Hanford

Class action lawsuit planned over Hanford pensions, benefits

The 586-square mile Hanford site, operated by the Department of Energy in Richland, is listed on a road tour map of the United States as a recommended place to visit in Washington state.
The 586-square mile Hanford site, operated by the Department of Energy in Richland, is listed on a road tour map of the United States as a recommended place to visit in Washington state.

Workers who saw their Hanford pensions cut in a largely failed economic development program are preparing to file a class action lawsuit July 19 against the Department of Energy.

The planned lawsuit seeks to restore Hanford pension and other benefits for as many as 500 former and current employees of Lockheed Martin Services Inc., or LMSI, which provided information technology and other services at Hanford.

More than 100 people packed a a meeting in Richland on Monday evening to hear about the planned lawsuit, which would cover 20 years of benefit cuts.

“It’s not a slam-dunk case,” warned Richland attorney Doug McKinley.

But it may shame the federal government into finally doing the right thing, he said.

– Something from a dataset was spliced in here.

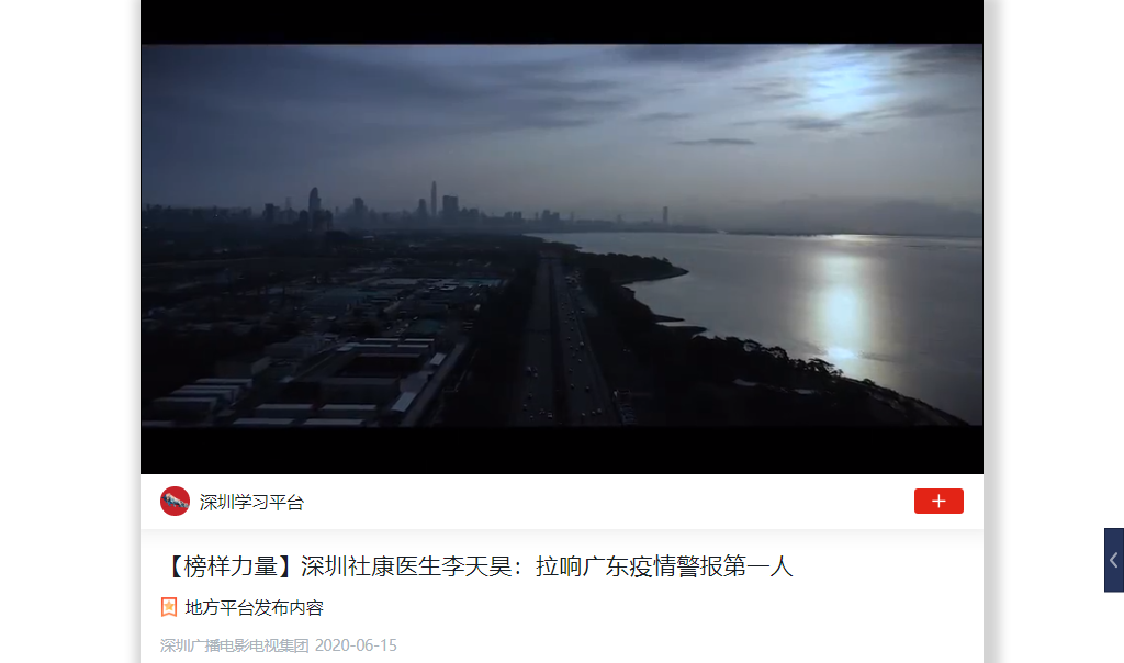 2020年1月8日,深圳市中医院学苑社康中心的李天昊医生 ,接诊了一位有发烧症状的市民,凭借职业的敏感性,他为深圳市疾控中心的介入提供了第一条线索,也为全省首例确诊患者的发现提供了第一条线索,拉响了广东战疫的第一声警报。
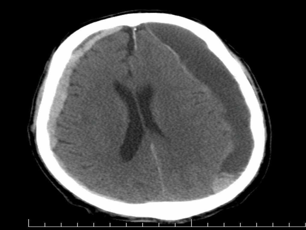 A 73-year-old woman is brought to the hospital with increasing confusion, gait deterioration, and headache. Physical examination reveals a contusion over the left temporal region. Her pulse is 109/min and blood pressure is 132/84 mm Hg. Pupils are 3 mm, round, and reactive. Neurologic examination reveals slurred speech and right-sided weakness. A noncontrast CT scan of the head is shown.

“We have nothing to lose,” he added.

Workers have been fighting to have retirement benefits restored since 1996, when about 2,000 Hanford workers were assigned to “enterprise companies” as Fluor won the contract for environmental cleanup at Hanford.

Those companies were no longer considered part of Hanford, and years of service figured into workers’ pensions were capped in 1996.

As most of the enterprise companies folded, some of them by 1998, their workers typically have been reassigned to other contractors with full Hanford pension benefits. But Lockheed Martin Services has remained “outside the fence,” as Hanford workers call it.

Through the years, workers have pursued many avenues to regain lost pension and other retirement benefits, said Peter Turping, a former Lockheed Martin Services worker, who led the meeting.

It’s not a slam-dunk case. ... (But) we have nothing to lose.

Richland attorney Doug McKinley

They have met with state and federal elected and nonelected officials. They have appealed pension payouts. They have filed ethics reports with DOE and Lockheed. They have contacted the DOE Office of Inspector General and made their case in news articles in the Tri-City Herald and letters to the editor.

“Really, the only remedy is to file a legal suit,” Turping said.

Workers have to opt in to the lawsuit. A signup sheet will be available at www.mckinleylaw.com in the coming days for workers who did not sign up at the Richland meeting. A core group of 30 have been covering legal expenses, so there is no cost to sign up for the class action lawsuit, Turping said.

One obstacle the lawsuit faces is the statute of limitations, McKinley said. He will be arguing that the clock did not start running on the case in 1996, but that the case remains current because the committee of Hanford contractors that oversees the Hanford pension continues to make decisions regarding it.

In 1996, enterprise companies were formed with the goal of building long-term, non-Hanford business to become permanent Tri-City companies and reduce the local economy’s reliance on Hanford. Initially, they were given Hanford work and staffed with employees of the previous Hanford contractor, Westinghouse and its subcontractors.

Westinghouse employees, who were not allowed to apply for other jobs at Hanford, were told that Lockheed Martin Services and other enterprise companies were “outside the fence,” and employees there would accumulate no more years of Hanford service to increase their pension benefits when they retired.

“The justification for this injury on LMSI employees was that enterprise companies were commercial entities and not entitled to government benefits,” said a message sent to LMSI workers invited to the Monday meeting.

We think that proves our case.

Peter Turping, former LMSI employee

Not only were years of service frozen on workers’ Hanford pensions, reducing their pension payment, but a retirement medical benefit and a retirement life insurance benefit were eliminated.

Yet, employees assigned to enterprise companies continued to work on the same Hanford projects, often at the same desks and with their same co-workers.

While LMSI employees have long heard that they work for a commercial company, DOE disagreed when it comes to paying for the work.

The Department of Energy said that Mission Support Alliance improperly awarded $63.5 million in taxpayer money as profit to Lockheed Martin Services, according to an Office of Inspector General report issued in April. Lockheed Martin is a principal owner of Mission Support Alliance, which subcontracted some work to Lockheed Martin Services.

The report said that the contract with Lockheed Martin Services was a noncommercial and noncompeted subcontract, making it ineligible for a profit payment beyond what Mission Support Alliance received.

“We think that proves our case,” Turping said.

The issue also came up in state Legislature hearing in 2009 after the state Department of Revenue concluded that Lockheed Martin Services was not doing cleanup work and was not eligible for a lower business and occupation tax rate offered to companies directly involved in Hanford cleanup. Legislation was proposed and passed to restore the tax break.

Workers argued then that it was not fair for companies to claim a Hanford tax break if they did not have to offer their employees the Hanford benefit package because they were considered nonHanford companies when it came to employees.